Her guests for the evening include Peter (David Oyelowo), a failed writer who was deprived of his muse, his wellspring of inspiration and indeed the love of his life when he was in his early 20s, having enjoyed some early success with his poetry. Peter now dresses with a certain fussy, worldly panache, which we see is intended to cover up his fatal sense of lifelong disaster. Also arriving is Sally, played by Nikki Amuka-Bird, who is the mother of a young boy, a role she may not have envisaged in her youth.

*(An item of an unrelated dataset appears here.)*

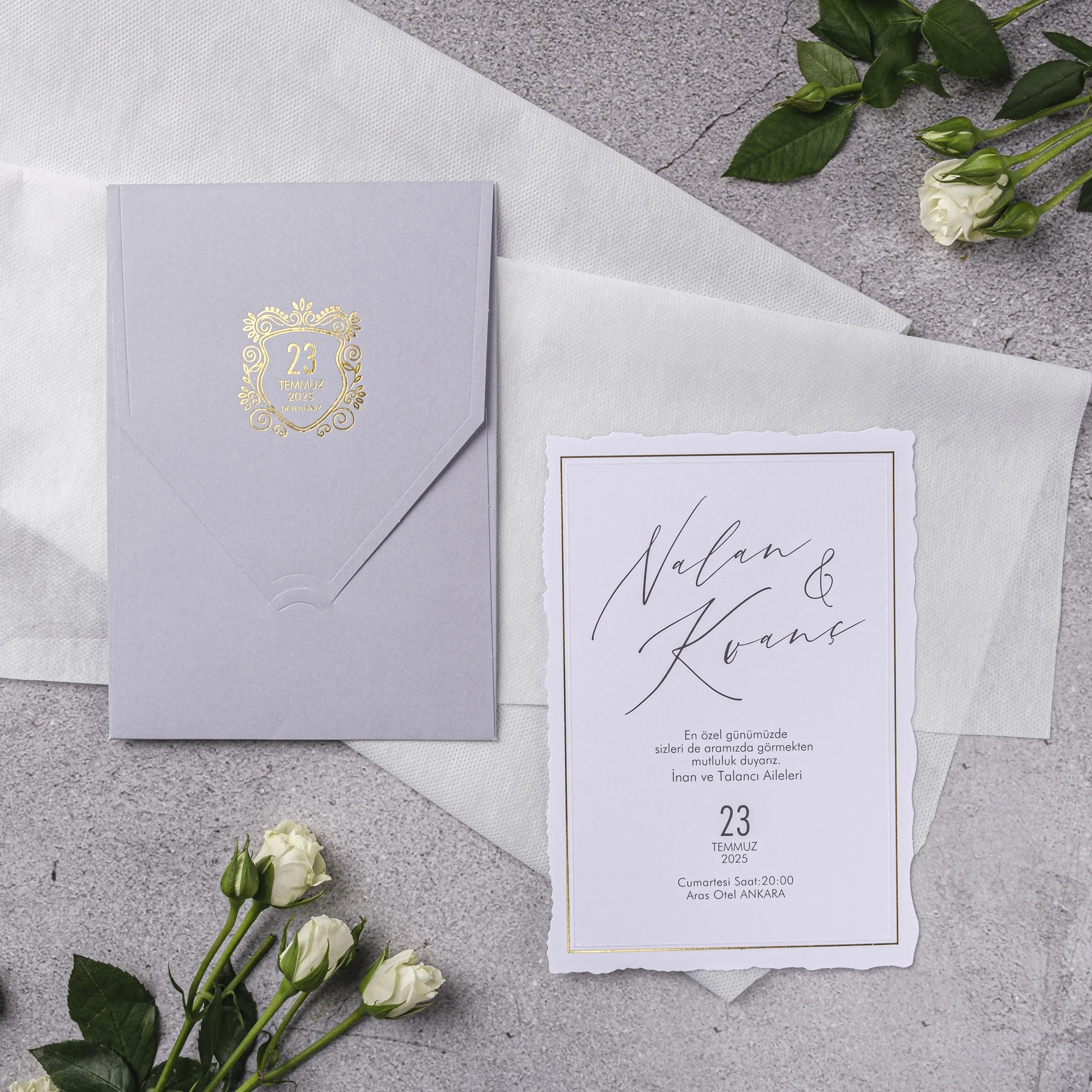 - Düğün Davetiyesinin Ofset, Varak Yaldız ve Serigraf baskısı ayrı olarak ücretlendirilir.

Flashback scenes at Clarissa’s parents’ family estate in Abraka show us the younger Peter (Toheeb Jimoh), a handsome, talented guy who is enjoying what appears to be a secret passionate affair with Clarissa under her parents’ roof; she is played with marvellous delicacy by India Amarteifio, who conveys the complexity of her situation. She is attracted to Peter but also in two minds about how she feels about him generally – and if her reservations include being unconvinced about his literary talent, then this, for Peter, adds a further sting to what happens later.

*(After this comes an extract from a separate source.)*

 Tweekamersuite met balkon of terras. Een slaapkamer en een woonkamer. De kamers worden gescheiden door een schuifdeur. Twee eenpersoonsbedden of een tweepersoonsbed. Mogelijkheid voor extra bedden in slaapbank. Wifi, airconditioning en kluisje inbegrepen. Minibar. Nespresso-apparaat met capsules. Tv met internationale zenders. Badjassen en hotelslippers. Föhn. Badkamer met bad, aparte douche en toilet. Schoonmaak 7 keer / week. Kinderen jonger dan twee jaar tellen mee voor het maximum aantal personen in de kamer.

We also meet the younger Sally, terrifically played by Ayo Edebiri, who is a charismatic and subversively sexy presence; she is clearly attracted to Clarissa and Clarissa feels the same way, or at any rate is willing to experiment tentatively with this feeling. Perhaps, though, she is too sobersided to explore the liaison very far and maybe the sudden, fateful coincidence of Peter and Sally in her life has had a self-cancelling effect; she cannot commit to a passionately realised version of her self. Nowadays, Clarissa keeps up with those friends with whom she has no painful history, and who are also friendly and gallantly supportive to Clarissa’s imperious widowed mother, Maryam, formidably played by Joke Silva.

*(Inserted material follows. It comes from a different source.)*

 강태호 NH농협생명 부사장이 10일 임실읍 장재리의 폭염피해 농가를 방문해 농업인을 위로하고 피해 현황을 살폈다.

The story of Clarissa past and present is significantly bisected with that of a troubled soldier, Septimus (Fortune Nwafor); his wife works as a seamstress for Clarissa, while Septimus is being treated for depression and PTSD by a therapist who is married to one of Clarissa’s friends. There is also, at a further remove, a kind of indirect psychic connection in that Clarissa’s father was a high-ranking army officer. Septimus is deeply affected by his close relationship with his staff sergeant, whose tough military bearing he admires – but this staff sergeant is himself unsettled by his contempt for the platoon’s commanding officer who is sending them out to engage the enemy, the terror group Boko Haram, with insufficient ammunition. We see boxes of ammo being corruptly sold, loaded into the back of a civilian car, perhaps bound for Boko Haram itself – which causes tensions that erupt into traumatising violence.

How does this terrible outcome affect the group? Does Septimus somehow function sacrificially? Has his sadness intuitively connected with theirs? It is an enigma that does not tie up neatly, but perhaps the shock that Septimus provides allows Clarissa and, perhaps, the audience, to register the first-world problems they are experiencing in the developing world. Septimus is a ghost who haunts their past and present lives. The Esisis have created a seductive, mesmeric picture.